Ziemlich „witzig“ ist tatsächlich das durch den Hauptgeschäftsführer des EHV, Dierk Böckenholt, vorgebrachte Klagelied, nach Einführung des Mindestlohnes würden wohl Schülerinnen und Schüler sowie Studierende nicht mehr in Aushilfsjobs im Einzelhandel arbeiten können – was die Bildungsfinanzierung gefährden würde. In völliger neoliberaler Hirnvernebelung scheint Herr Böckenholt gar nicht auf den Gedanken zu kommen, dass Bildungsfinanzierung eine gesamtgesellschaftliche und damit öffentliche Aufgabe ist, die eben gerade nicht von irgendwelchen Aushilfstätigkeiten mit Billiglöhnen abhängen darf.

Ebenso schräg das Gejammer darüber, dass Familien durch den Mindestlohn „Zusatzeinkünfte“ wegbrechen würden, da Einzelhandelsbetriebe künftig wohl weniger geringfügige Beschäftigungsverhältnisse anbieten könnten. Realität ist doch, dass die überwiegende Zahl der Minijobs (und in Schleswig-Holstein sind dies 24,3 % aller Beschäftigungsverhältnisse – bei erwerbstätigen Frauen gar 29,3 %) aus reiner Not angenommen werden, weil ordentliche Arbeitsplätze gar nicht mehr zur Verfügung gestellt werden. Mitnichten sind die sogenannten geringfügigen Beschäftigungsverhältnisse – im Einzelhandel tatsächlich überwiegend von Frauen ausgeübt – Quelle irgendwelcher „Zusatzeinkünfte“, sonder häufig das einzig mögliche Erwerbseinkommen. Direkte Folge der umfassenden Vernichtung von Normalarbeitsverhältnissen, die seit Einführung der rot-grünen Agenda 2010 in vollem Gange ist – gerade in dienstleistungsintensiven Branchen wie dem Einzelhandel.
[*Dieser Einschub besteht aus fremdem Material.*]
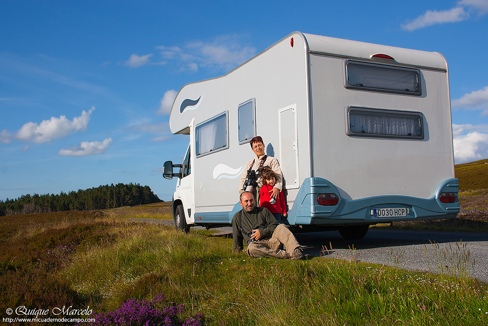 Desde hace mucho tiempo, Pepa (mi mujer) y yo, teníamos en mente realizar un viaje en autocaravana, ya que pensábamos que este medio de locomoción que lleva la casita a cuestas como los caracoles, nos iba a dar una autonomía que sin lugar a dudas no iba a proporcionarnos ningún otro tipo de viaje, y más, cuando todos nuestros viajes son enfocados a lo mismo, la fotografía de especies animales y sus entornos. Para elegir el destino, no nos quebramos mucho la cabeza, enseguida pensamos en Escocia, un país en el que ya habíamos estado con una pareja de amigos hará unos 12 años, ahora bien, aunque con nosotros viajaron como siempre los prismáticos, no fue un viaje estrictamente ornitológico, ya que tampoco la fecha en la que estuvimos (Septiembre) es la mejor, pero igualmente nos lo pasamos muy bien en aquella ocasión, quedándose en nuestras retinas esos paisajes ingleses y escoceses que resultan difícil de olvidar, de hecho hay por casa alguna foto en papel y la verdad, siempre hemos dicho "algún día tenemos que volver". También la elección del destino vino dada porque el Reino Unido es un país en el que se puede llegar por carretera con relativa facilidad, aunque es verdad que son muchos kilómetros, pero yendo en autocaravana puedes parar "donde quieras" y "cuando quieras" (siempre que esté autorizado), y poder reanudar el viaje al día siguiente. |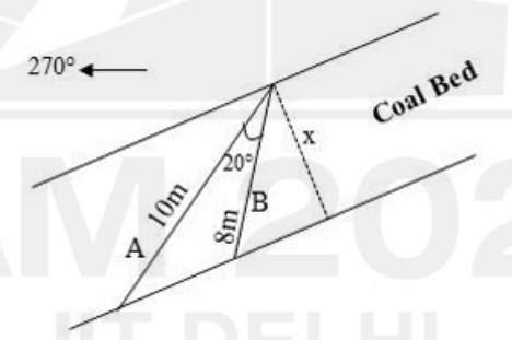 Two boreholes A and B, both inclined towards 270°, penetrate a dipping coal bed at the same point and pass through it entirely in the sub-surface as shown in the figure below. The bed dips towards 270°. The thickness of the coal bed, measured along the borehole A is 10 m and along borehole B is 8 m. The angle between the two boreholes is 20°. The orthogonal thickness \( x \) of the coal bed is ........ m. (Round off to one decimal place)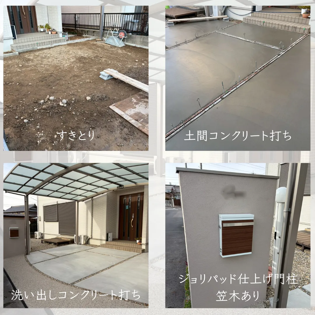 【愛知県江南市の外構】🏡リフォーム一式:洗い出し+土間コンクリート打ち+門柱施工🏡

Mindestlohn gerade jetzt! (Plakat der Partei DIE LINKE)Um es ganz klar zu benennen: Unternehmen, die durch die Einführung des gesetzlichen Mindestlohnes (der nebenbei bemerkt viel zu gering ist, um künftige Altersarmut zu verhindern) in wirtschaftliche Schwierigkeiten geraten, haben bisher ein parasitäres Geschäftsmodell verfolgt, welches nur durch milliardenschwere indirekte Lohnsubventionen aus Steuergeldern überhaupt möglich ist. Wer nämlich mit Gehältern unterhalb des kommenden Mindestlohnes abgespeist wird, ist in fast allen Fällen auf ergänzende Grundsicherungsleistungen (das sogenannte „Aufstocken“) angewiesen, um überhaupt das Existenzminimum sichern zu können. Mit „hartem Wettbewerb“ hat dieses also nichts zu tun, da die viel beschworenen Kräfte des „freien Marktes“ schon lange zugunsten der Arbeitgeberseite außer Kraft gesetzt wurden – staatlich ermöglichte Ausbeutung wäre die weit passendere Bezeichnung. Und auf diese möchte natürlich auch der Einzelhandel nicht verzichten.